Note: thanks to Scott for inviting me to contribute to the Recology blog despite being an ecology outsider; my work is primarily in atomic physics. -Pascal

A part of me has always liked thinking about how to effectively present information, but until the past year, I had not read much to support my (idle) interest in information visualization. That changed in the spring when I read Edward Tufte’s The Visual Display of Quantitative Information, a book that stimulated me to think more deeply about presenting information. I originally started with a specific task in mind–a wonderful tool for focusing one’s interests–but quickly found that Tufte’s book was less a practical guide and more a list of general design principles. Then, a few months ago, I stumbled upon Nathan Yau’s blog, FlowingData, and found out he was writing a practical guide to design and visualization. Conveniently enough for me, Yau’s book, Visualize This, would be released within a month of my discovery of his blog; what follows are my impressions of Visualize This.

I have liked Visualize This a lot. Yau writes with much the same informal tone as on his blog, and the layout is visually pleasing (good thing, too, for a book about visualizing information!). The first few chapters are pretty basic if you have done much data manipulation before, but it is really nice to have something laid out so concisely. The examples are good, too, in that he is very explicit about every step: there is no intuiting what that missing step should be. The author even acknowledges in the introduction that the first part of the book is at an introductory level.

Early in the book, Yau discusses where to obtain data. This compilation of sources is potentially a useful reference for someone, like me, who almost always generates his own data in the lab. Unfortunately, Yau does not talk much about preparation of (or best practices for) your own data. Additionally, from the perspective of a practicing scientist, it would have been nice to hear about how to archive data to make sure it is readable far into the future, but that is probably outside the scope of the book.

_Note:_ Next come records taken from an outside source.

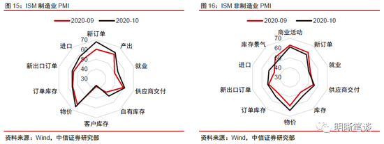 经济景气方面,美国10月制造业PMI指数大幅超出市场预期,录得2018年11月以来新高,反映制造业活动的明显改善,但非制造业PMI指数略不及预期和前值,反映出美国疫情反复对于非制造业的影响。美国10月ISM制造业PMI为59.3,前值55.4,制造月PMI表现超出市场预期升至2018年11月以来的最高水平;非制造业PMI为56.6,前值57.8,预期57.5。PMI指数反映出当前美国经济处于复苏阶段,制造业活动改善明显。具体而言,制造业方面,PMI新订单指数为67.9,前值60.2,新订单激增有力拉动了制造业PMI上扬,PMI就业指数录得53.2,自2019年7月以来首次回到荣枯线上方,符合美国就业市场改善的整体趋势。但非制造业方面,10月美国非制造业PMI报56.6,相较前值57.8小幅下行,近期美国疫情的反复或对非制造业产生一定的影响,放缓了非制造业的改善进程。
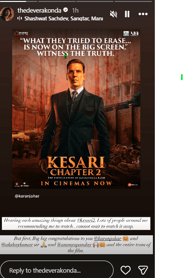विजय देवरकोंडा ने केसरी चैप्टर 2 की प्रशंसा की है और अपने इंस्टाग्राम स्टोरी पर फिल्म का पोस्टर शेयर किया है. उन्होंने इसके साथ लिखा कि फिल्म के बारे में बहुत अच्छी-अच्छी बातें सुन रहा हूं. मेरे आस-पास कई लोगों ने मुझे ये फिल्म देखने के लिए कहा. इसे जल्द से जल्द देखने का इंतजार नहीं कर सकता. लेकिन इससे पहले करण जौहर को बहुत-बहुत बधाई. साथ ही उन्होंने अक्षय कुमार और अनन्या पांडे को भी बधाई दी और उन्हें टैग किया.
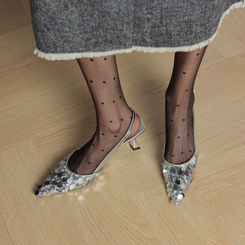 유명 스타일 속편 뾰족한 샌들 여성용 여름 스틸레토 하이힐 하이힐, 탑 및 빈 발 2024 새로운 여성 신발스토어 가기
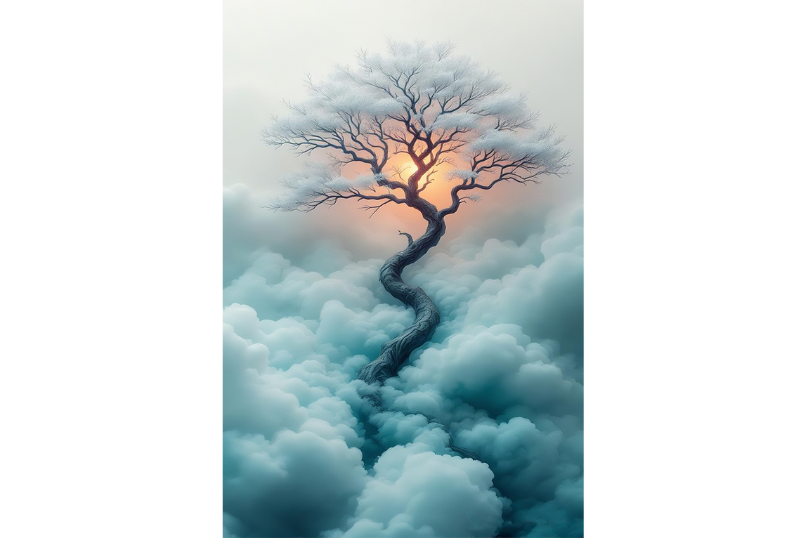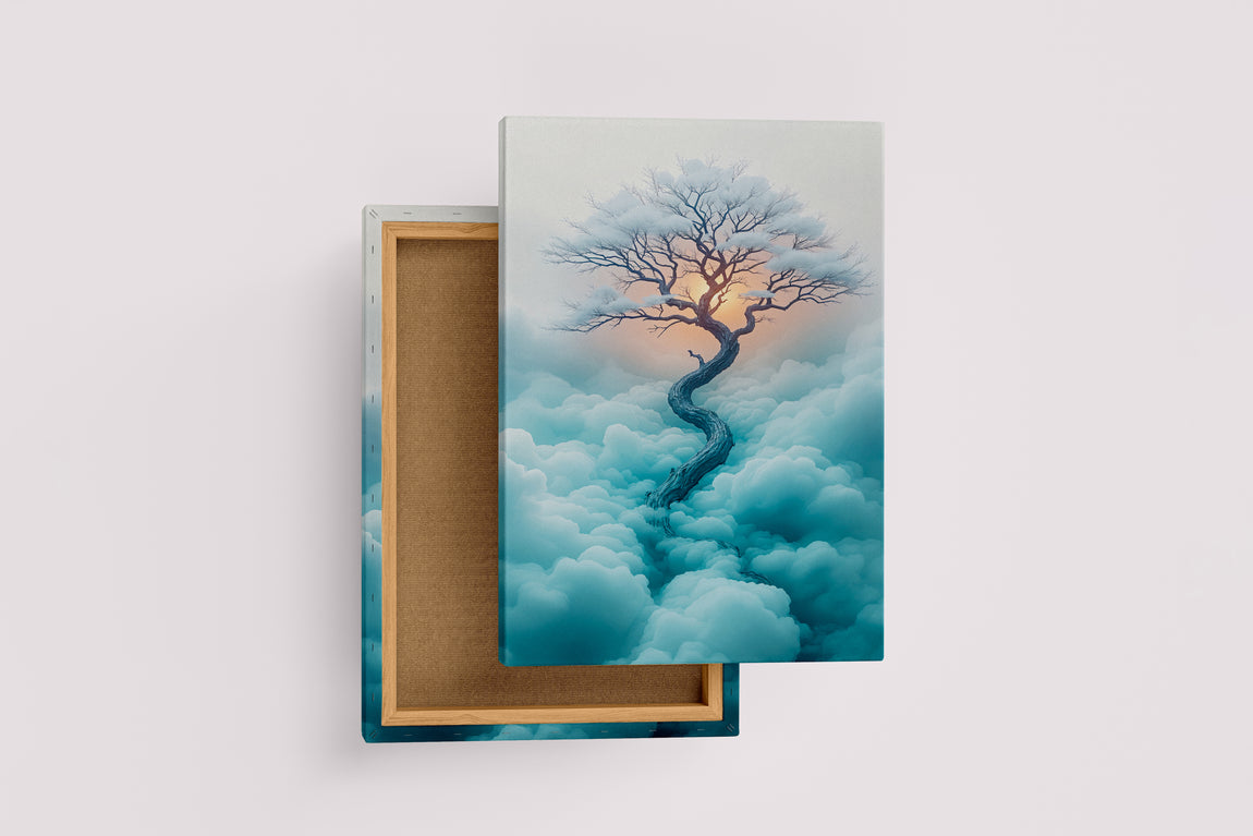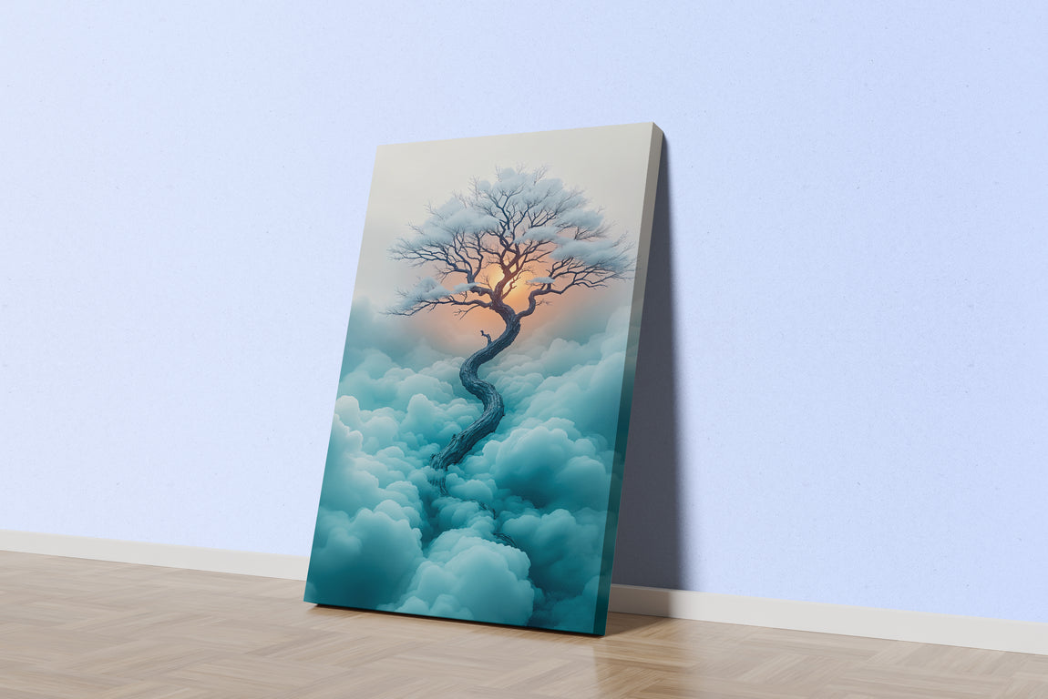 ai creation, tree growing above the clouds at sunset, ai art, art, kanvas tablo

Yau seems really big into using open source software for getting and analyzing data (e.g. Python, R, etc…), but he is surprisingly attached to the proprietary Adobe Illustrator for turning figures into presentation quality graphics. He says that he feels like the default options in most analysis programs do not make for very good quality graphics (and he is right), but he does not really acknowledge that you can generate nice output if you go beyond the default settings. For me, the primary advantage of generating output programmatically is that it is easy to regenerate when you need to change the data or the formatting on the plot. Using a graphical user interface, like in Adobe Illustrator, is nice if you are only doing something once (how often does that happen?), but when you have to regenerate the darn figure fifty times to satisfy your advisor, it gets tedious to move things around pixel by pixel.

By the time I reached the middle chapters, I started finding many of the details to be repetitive. Part of this repetition stems from the fact that Yau divides these chapters by the type of visualization. For example, “Visualizing Proportions” and “Visualizing Relationships” are two of the chapter titles. While I think these distinctions are important ones for telling the right story about one’s data, creating figures for the different data types often boils down to choosing different functions in R or Python. People with less analysis and presentation experience should find the repetition helpful, but I increasingly skimmed these sections as I went along.

Working through Yau’s examples for steps you do not already know would probably be the most useful way of getting something out of the book. So, for example, I started trying to use Python to scrape data from a webpage, something I had not previously done. I followed the book’s example of this data-scraping just fine, but as with most things in programming, you find all sorts of minor hurdles to clear when you try your own thing. In my case, I am re-learning the Python I briefly learned about 10 years ago–partly in anticipation of not having access to Matlab licenses once I vacate the academy–since I have forgotten a lot of the syntax. A lot of this stuff would be faster if I were working in Matlab which I grew more familiar with in graduate school.

Overall, Visualize This is a really nice looking book and will continue to be useful to me as a reference. Yau concludes his book with a refreshing reminder to provide context for the data we present. This advice is particularly relevant when presenting to a wider or lay audience, but it is still important for us, as scientists, to clearly communicate our findings in the literature. Patterns in the data are not often self-evident, and therefore we should think carefully about which visualization tools will best convey the meaning of our results.

Note: Edited to add a link to Visualize This here and in the introductory paragraph.